– Вы не понимаете, – перебивает она. – Вы не просто хотите, чтобы я указала на фотографию. Вы просите, чтобы я провертела дырку в запруде, потому что хотите пить, пусть я сама в результате этого просто захлебнусь.
– Прошу вас, – молю я, но Минка закрывает лицо руками.
Сейдж, похоже, страдает еще сильнее, чем бабушка. Но ведь это и есть любовь, верно? Когда тебе тяжелее видеть страдания другого человека, чем страдать самому?
– Достаточно, – заявляет Сейдж. – Простите, Лео, но для нее это слишком тяжелое испытание.
– Пусть она сама примет решение, – предлагаю я.
Минка отвернулась от меня, затерявшись в воспоминаниях. Дейзи подлетает к ней, как ангел мщения, и обнимает за плечи свою хрупкую подопечную:
– Вы хотите отдохнуть, миссис Минка? Мне кажется, вам нужно немного полежать.
Она бросает на меня сердитые взгляды и помогает Минке подняться на ноги, подает ей трость и ведет по коридору.
Сейдж как будто разрывается на части, видя, как бабушка уходит.
– Не надо было вас сюда приводить, – шепчет она.
– Я уже видел такое, Сейдж. Это шок для человека – видеть своего мучителя. Другие выжившие в лагерях реагировали так же, но они собирались с духом и участвовали в процедуре опознания. Знаю, она больше пятидесяти лет держала эти чувства под замком, и мне понятно ее состояние. Резко отрывать пластырь от раны – это очень больно.
– Это не пластырь, – возражает Сейдж, – а операция без наркоза. И мне плевать на других выживших, которых вы наблюдали в таких же ситуациях. Я забочусь о своей бабушке.
Резко поднявшись, Сейдж уходит в коридор, оставляя меня с фотографиями.
Я смотрю на лицо Райнера Хартманна. Ничего в нем нет особенного, никаких признаков, что этот человек на самом деле – чудовище. И у меня возникает вопрос: что за токсичный коктейль из наследственности и образования позволил мальчику, которого растили совестливым, принять участие в геноциде?
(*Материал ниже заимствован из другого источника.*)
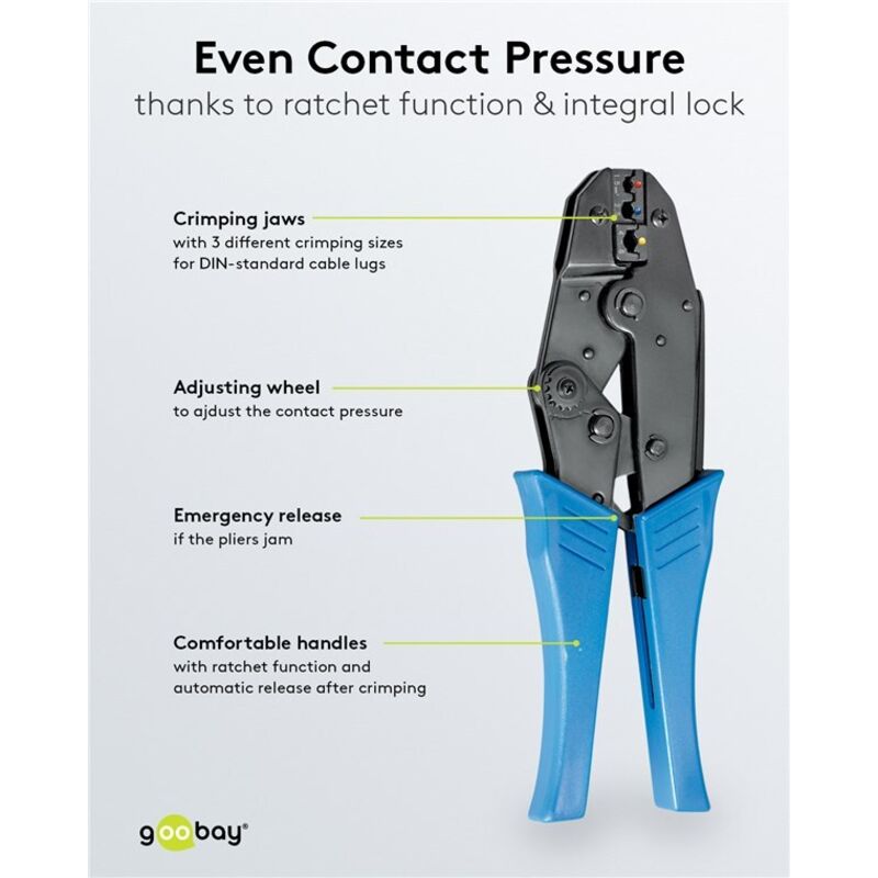 La pinza crimpatrice soddisfa determinate norme o certificazioni? La pinza crimpatrice WETEC è progettata in modo da soddisfare i requisiti per la lavorazione di manicotti terminali secondo DIN 46228. La pinza crimpatrice è facile da usare, soprattutto per gli utenti con poca esperienza? Sì, la pinza crimpatrice WETEC è particolarmente facile da usare, anche per utenti con poca esperienza. Realizzato in robusto acciaio al carbonio, offre precisione e versatilità in ogni applicazione. Faston Maschio Femmina Con Pinza WETEC Pinza Crimpatrice Per 15 – 25 – 35 Mm² | Per Manicotti Isolati E Non Isolati Secondo DIN 46228, Con Meccanismo A Cricchetto E Sblocco Dei Punti Di Pressione, Pinza Per Manicotto, Pinza Crimpatrice Faston Non Isolati Adatto per una sezione del conduttore di 16, 25 e 35 mm², che copre un'ampia gamma di applicazioni. La pinza è dotata di un meccanismo a cricchetto e di sblocco del punto di pressione. Massima efficienza grazie alla pinza a pressione con una sola mano – Con inserti intercambiabili con profilo pressato, sblocco forzato regolabile e Tuttavia, va notato che non sono inclusi nella confezione. La pinza crimpatrice all'avanguardia, versatile e affidabile – ideale per terminali isolati e non isolati. Imposta la forza di pressione perfetta – La pinza crimpatrice può essere regolata individualmente, in modo da poter personalizzare il processo di crimpatura esattamente in base alle proprie esigenze. Descrizione prodotto Per uso professionale Pinza a pressione per capicorda La pinza a pressione con una sola mano è uno strumento versatile che offre la massima efficienza e precisione nella lavorazione di capicorda isolati e non isolati secondo la norma DIN. I clienti hanno l'opportunità di acquistare separatamente inserti aggiuntivi o speciali per profili a pressione. Gli inserti del profilo pressato sono intercambiabili? Sì, gli inserti del profilo pressato della pinza crimpatrice WETEC sono intercambiabili. La pinza è progettata ergonomicamente per garantire il massimo comfort e facilità d'uso.

Разломленная пополам булочка, которую испекла Сейдж, лежит на тарелке, как разбитое сердце. Я вздыхаю и тянусь к портфелю, чтобы убрать в него лист с фотографиями, но в последнее мгновение останавливаюсь. Беру тарелку с булочкой и иду в спальню Минки. За дверью слышны тихие голоса. Сделав глубокий вдох, стучусь.
Минка сидит в мягком кресле, положив ноги на оттоманку.
– Перестань суетиться, Сейдж, – раздраженно говорит она, когда Дейзи открывает мне дверь. – Со мной все в порядке!
Отлично, старушка еще даст бою. Мне нравится, что она то крепкая, как гвоздь, то мягкая, как замша. Именно это помогло ей пережить худшую эру в истории, я уверен, и до сих пор держит ее на ногах.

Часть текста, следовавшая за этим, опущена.